On 2 Aug 2007, at 18:24, Sandro Hawke wrote:

>> http://www.w3.org/TR/2004/REC-rdf-concepts-20040210/#section- 
>> Datatypes
>>
>> [[
>> A datatype consists of a lexical space, a value space and a  
>> lexical-=20
>> to-value mapping.
>>
>> The lexical space of a datatype is a set of Unicode [UNICODE]  
>> strings.
>>
>> The lexical-to-value mapping of a datatype is a set of pairs whose  
>> =20
>> first element belongs to the lexical space of the datatype, and  
>> the =20
>> second element belongs to the value space of the datatype:
>>
>> Each member of the lexical space is paired with (maps to) exactly  
>> one =20=
>>
>> member of the value space.
>> Each member of the value space may be paired with any number =20
>> (including zero) of members of the lexical space (lexical =20
>> representations for that value).
>> A datatype is identified by one or more URI references.
>>
>> RDF may be used with any datatype definition that conforms to this  
>> =20
>> abstraction, even if not defined in terms of XML Schema.
>>
>> ]]
>
>
> Is there some other distinguishing criterion on datatypes?
>
> I can't think of one.
>
> Therefore, X is a datatype if and only if X is an  
> owl:FunctionalProperty
> and the rdfs:domain of X contains only Unicode strings.

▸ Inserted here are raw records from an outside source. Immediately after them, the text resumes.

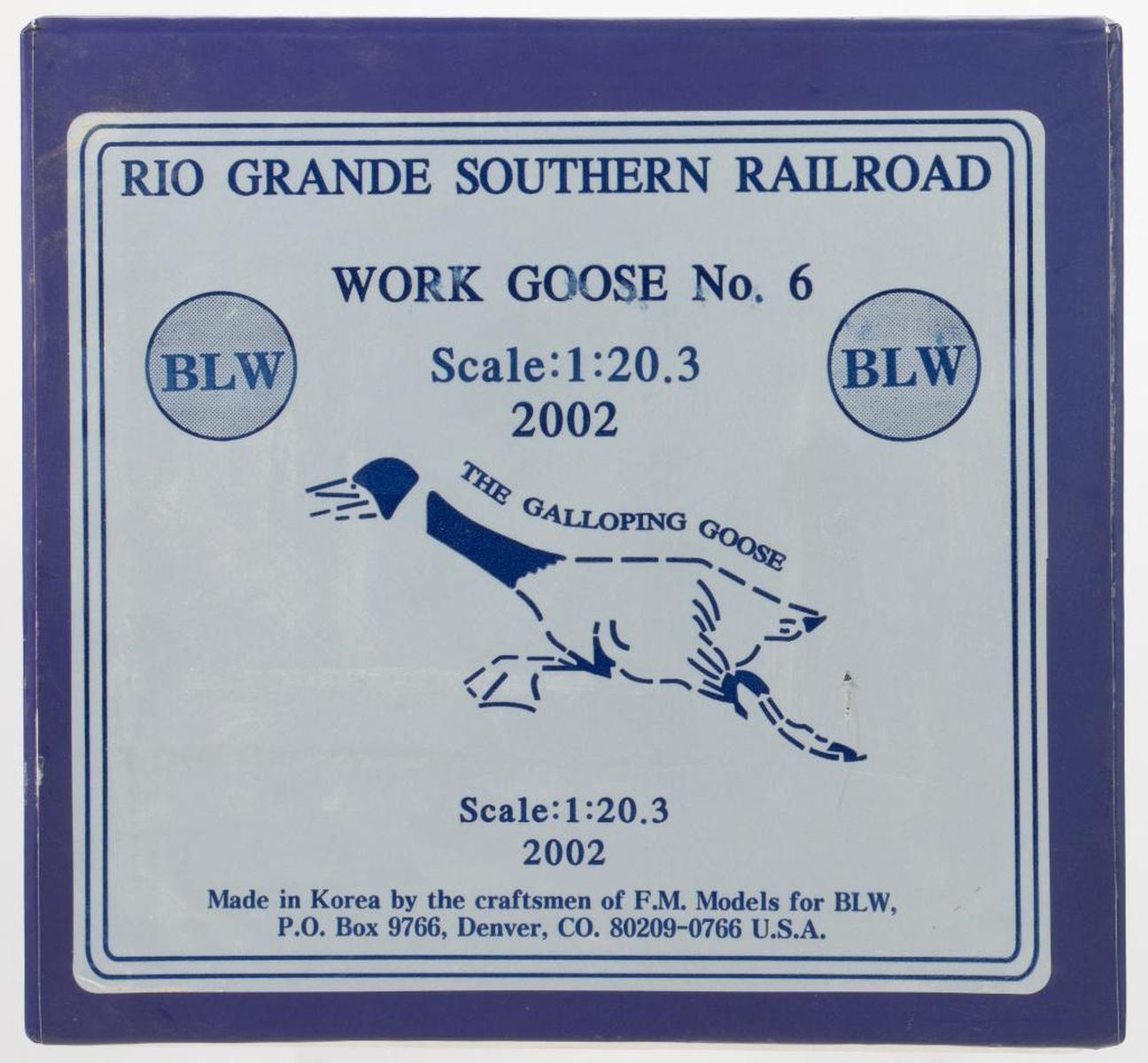 Rio Grande Southern Work Goose NO. 6 Berlyn Locomotive Works New Old Stock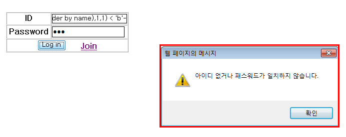 - SQL Injection을 통해 참과 거짓을 구분할 수 있는지 확인한다.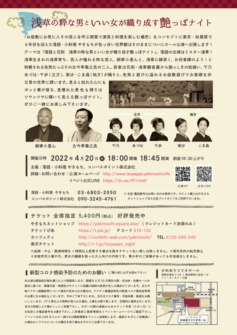 『出張やきもち 落語と花街 艶っぽナイト』が2022年4月20日(水)にかめありリリオホール(東京都葛飾区)にて上演されます。チケットはカンフェティ(運営:ロングランプランニング株式会社、東京都新宿区、代表取締役:榑松 ⼤剛)にて発売中です。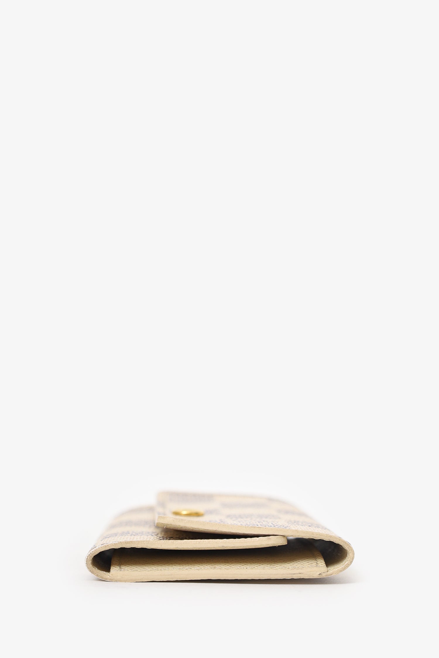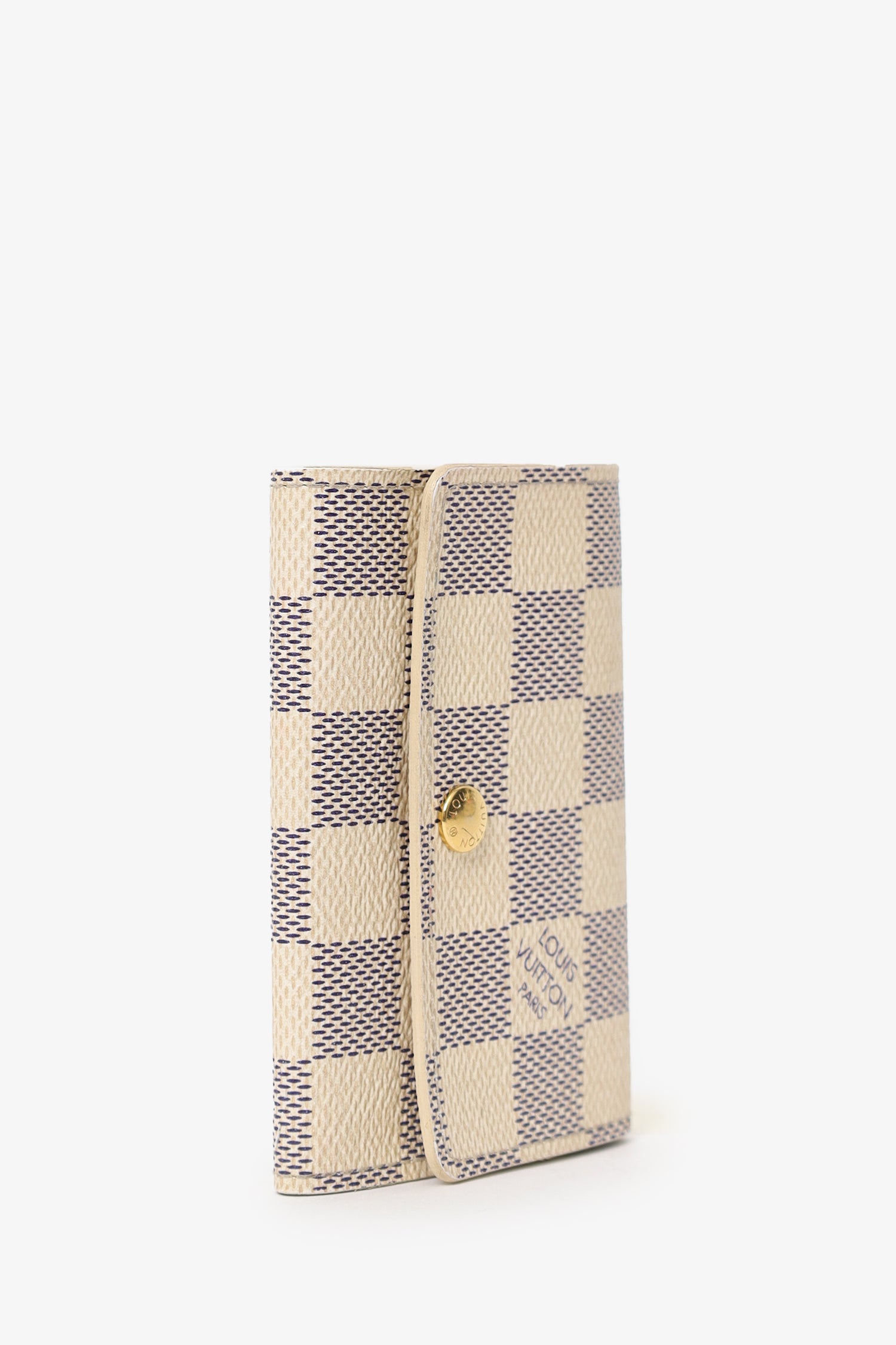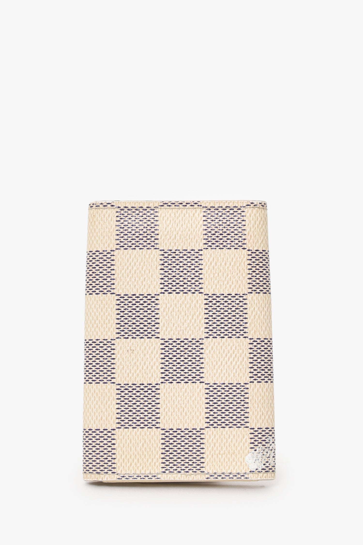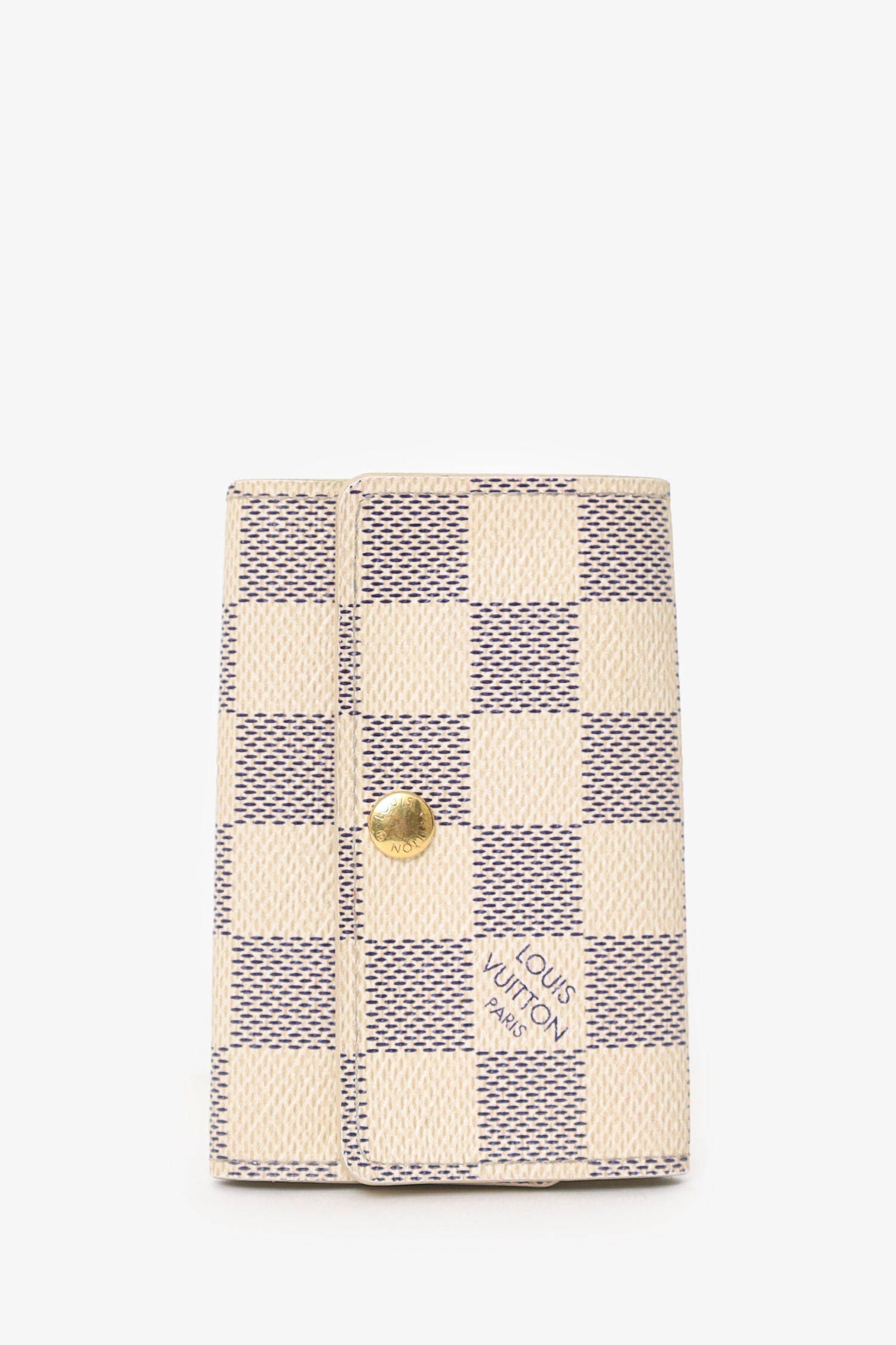 Refresh availabilityLouis Vuitton Damier Azur Key Holder. Front fold-over flap with snap button closure. Lined interior with 6 key rings. Gold-tone hardware. Tonal stitching.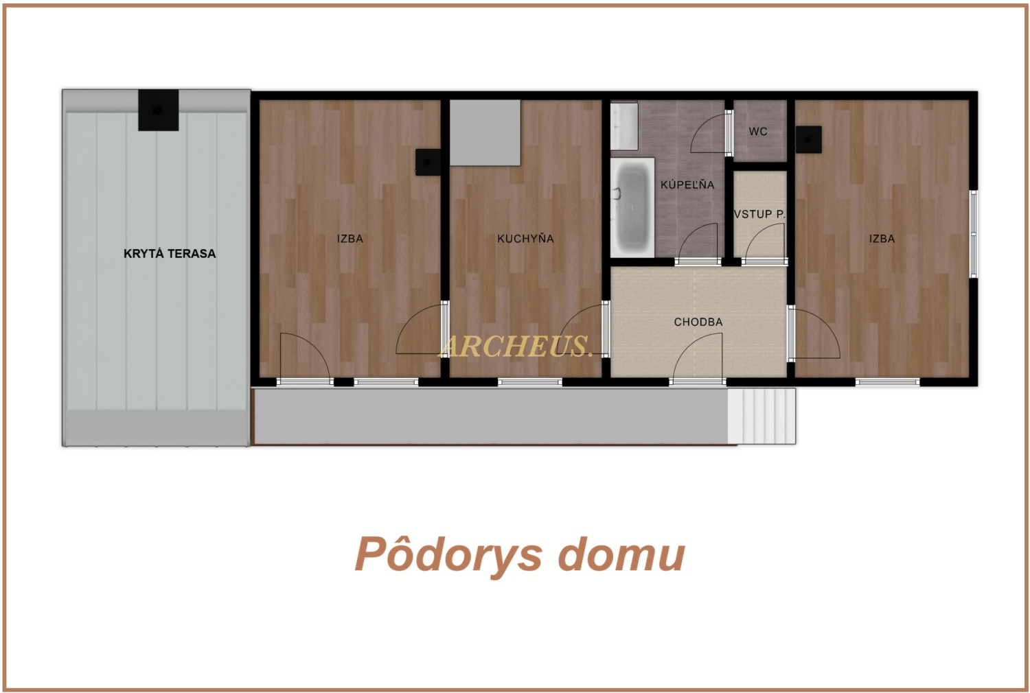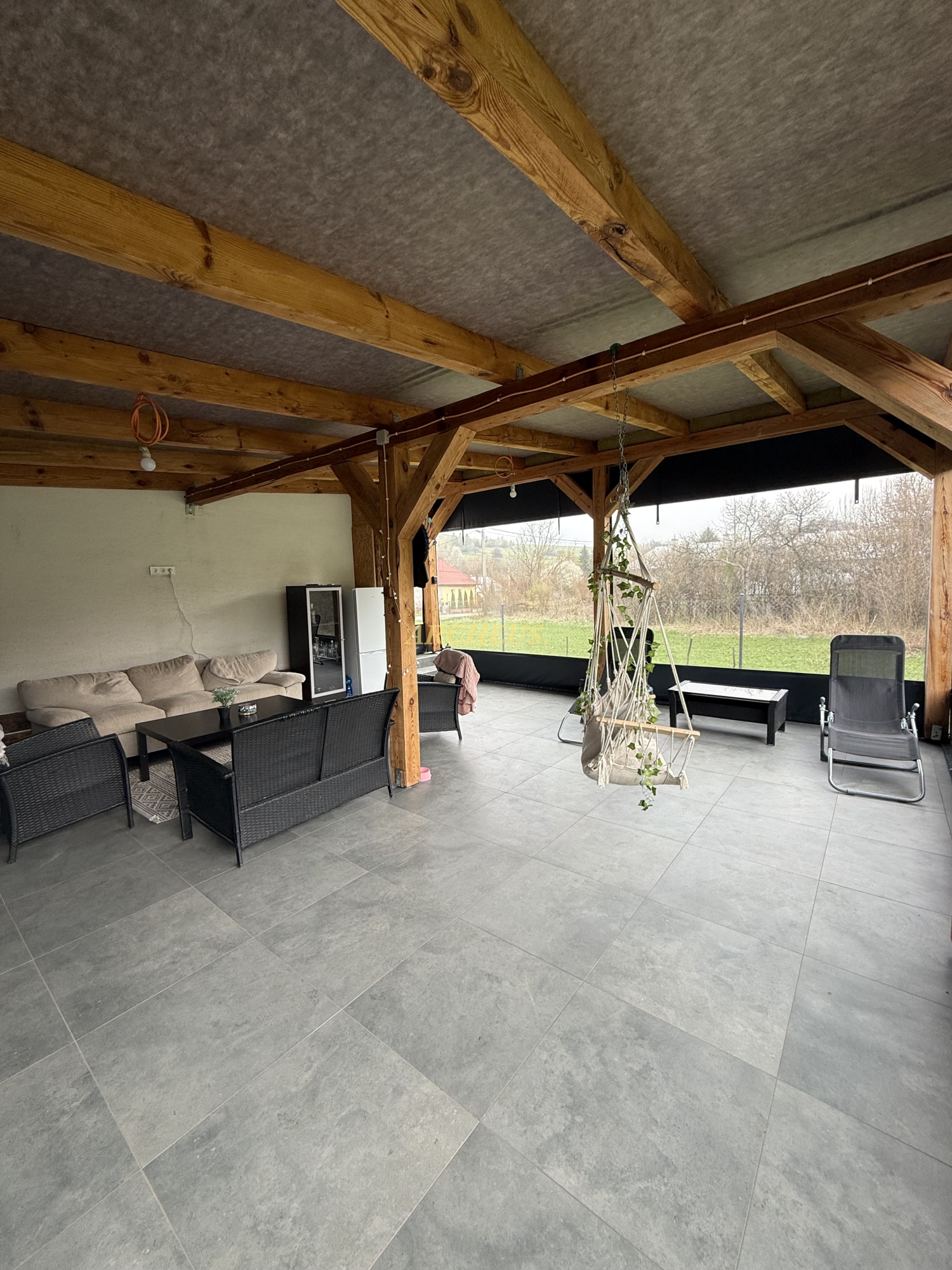- Dominantou je veľkorysá krytá terasa, ktorá sa stane tvojím obľúbeným miestom – na ranné ticho, popoludňajší oddych aj večerné rozhovory pod hviezdami.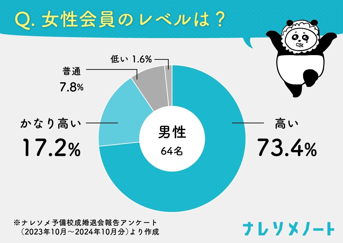 結婚相談所ナレソメ予備校での成婚者アンケート(2023年10月~2024年10月 成婚退会した男性64名が回答)では、「女性会員のレベルが高い」と回答した男性はなんと73.4%。裏を返せば、それだけマッチングアプリで出会える女性のレベルは低かったと感じているということです。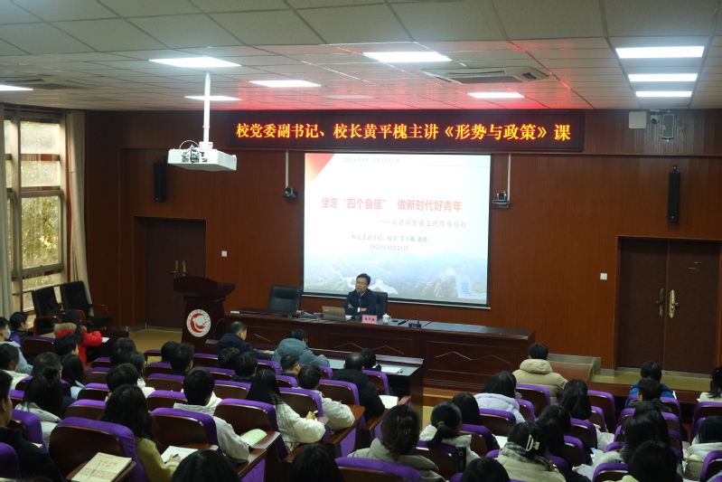 12月21日,校党委副书记、校长黄平槐来到西湖校区,面向广大学生、团员青年和党员干部、思政课教师作形势与政策报告。他强调,广大师生要从新时代的伟大变革和伟大成就中感悟习近平新时代中国特色社会主义思想的真理力量和实践伟力,善于用这一思想观察世界、思考问题,从中汲取前进的智慧和力量,在坚定“四个自信”中刻苦学习、强化担当、锤炼本领,为投身中国式现代化的火热实践做好准备、贡献力量。
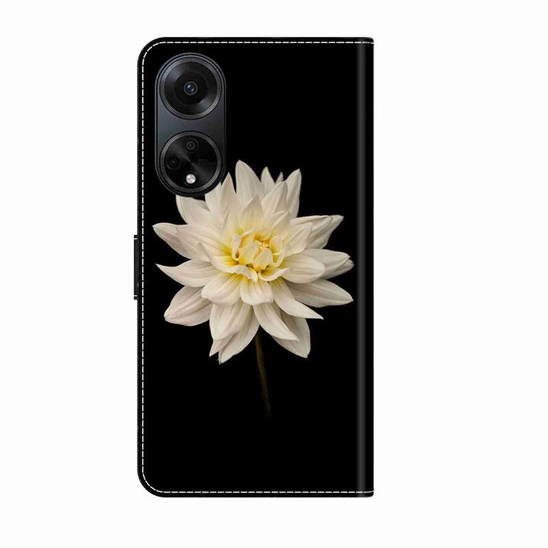 Θήκη τηλεφώνου από δέρμα, κρυστάλλινη, τρισδιάστατη, αντικραδασμική και προστατευτική για OPPO A98 5G (Λευκό Λουλούδι)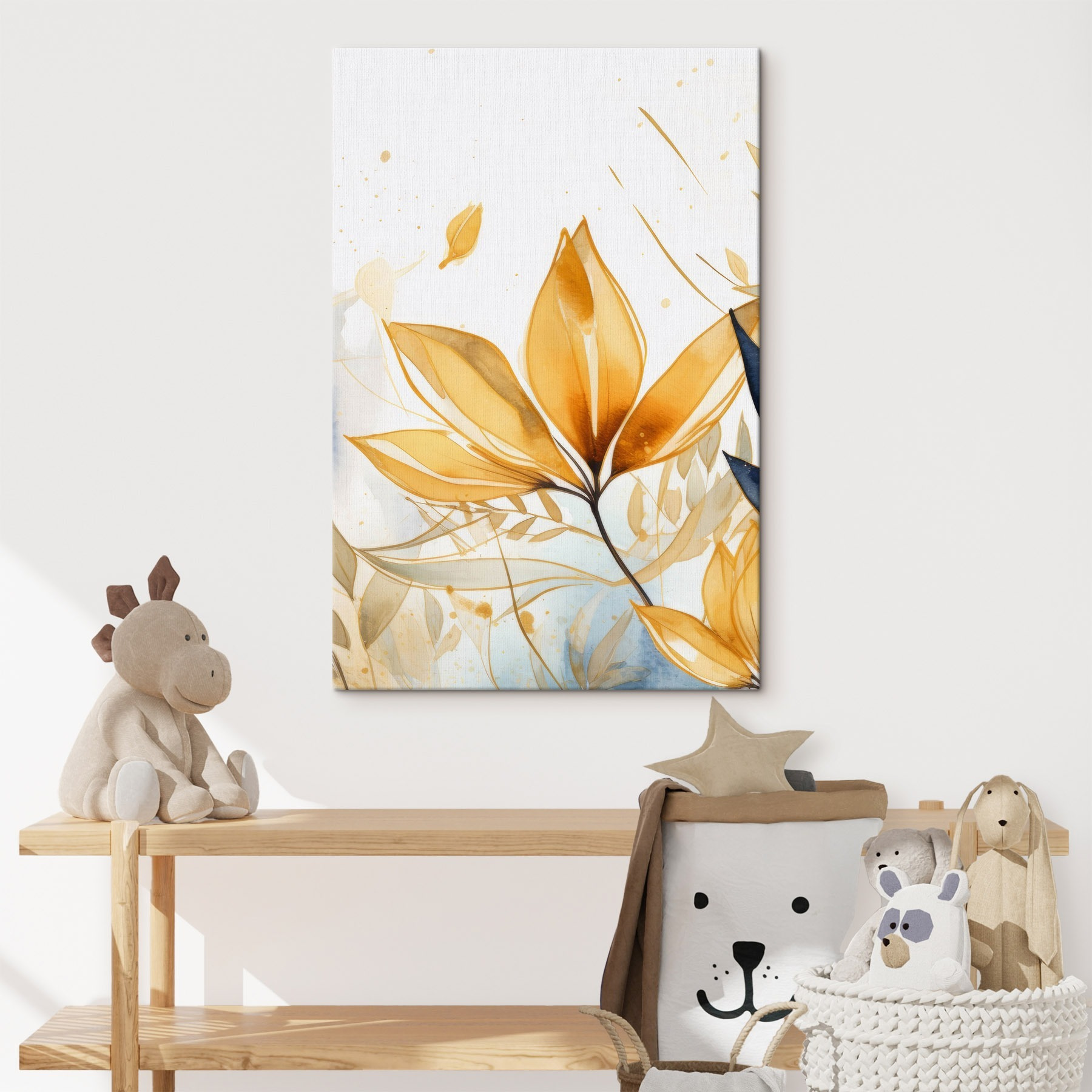 Transformați-vă spațiul cu “Delicate Hues of Nature’s Beauty”. Această imprimare uimitoare pe pânză surprinde eleganța moale a frunzelor care dansează în acuarele delicate. Imaginați-vă-o deasupra canapelei – imaginați-vă sorbind cafea în timp ce priviți acele galbene calde și însorite și acele albastre liniștite. Este ca și cum ai invita o bucățică de natură chiar în casa ta. Prietenii s-ar putea să vă întrebe dacă aveți o grădină secretă! Perfectă pentru a adăuga o notă de seninătate, această piesă aduce un vibe relaxat care încurajează visarea cu ochii deschiși. Lăsați-o să stârnească bucurie de fiecare dată când treceți pe lângă ea!
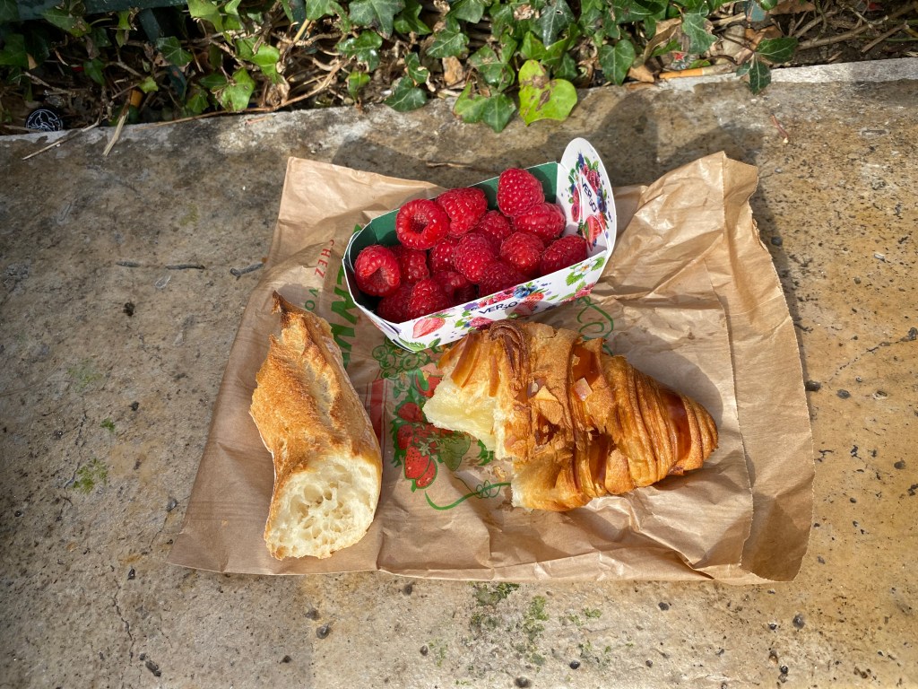 I didn’t think it was possible for a croissant to taste so good. They were perfectly toasted, light, but still buttery, and the lamination of the layers were unlike any croissant I had consumed before. Maybe with the thoughts of the macaron from the night before we thought raspberries would be the perfect pairing. We weren’t wrong. Something about fresh fruit and a delicious pastry just hits hard. It would be worth flying to Paris just to experience.

well I was proposing in addition that it be a necessary truth, ie it  
necessarily identify the thing that way,  which will bring up some  
fun problems, but I think that the intuition behind datatypes is  
something along those lines.


> It's kind of a shame this logic isn't used more in the design of  
> RDF to
> simplify it.   There might be another re-articulation of the RDF  
> design
> which would use this fact.
>
> (Again, this is not a new idea [1]).
>
>> The important point there is that there has to be a lexical to value
>> mapping, and there has to be a one to one mapping.
>
> No, it's a one-to-many mapping.    For instance, the value one can be
> mapped to from "1", "01", "001", etc.

quite right, I wrote too fast.


>> This can only work
>> of course if all the information is contained in the String, ie,
>> there is not more information to be got from anywhere else, or else
>> there would be no way to create a decision procedure for it. So
>> "George Bush"^^xxx:presidents would not work. For one, George Bush
>> may never have been president.
>
> But it's easy for me to construct the mapping you quoted above.  So I
> can't understand what you mean.  A datatype like eg:uspresidents makes
> every bit as much sense as a datatype like xs:date.

That would not work with eg:uspresidents, because Bush could have had  
a different name, and  could also not have been president.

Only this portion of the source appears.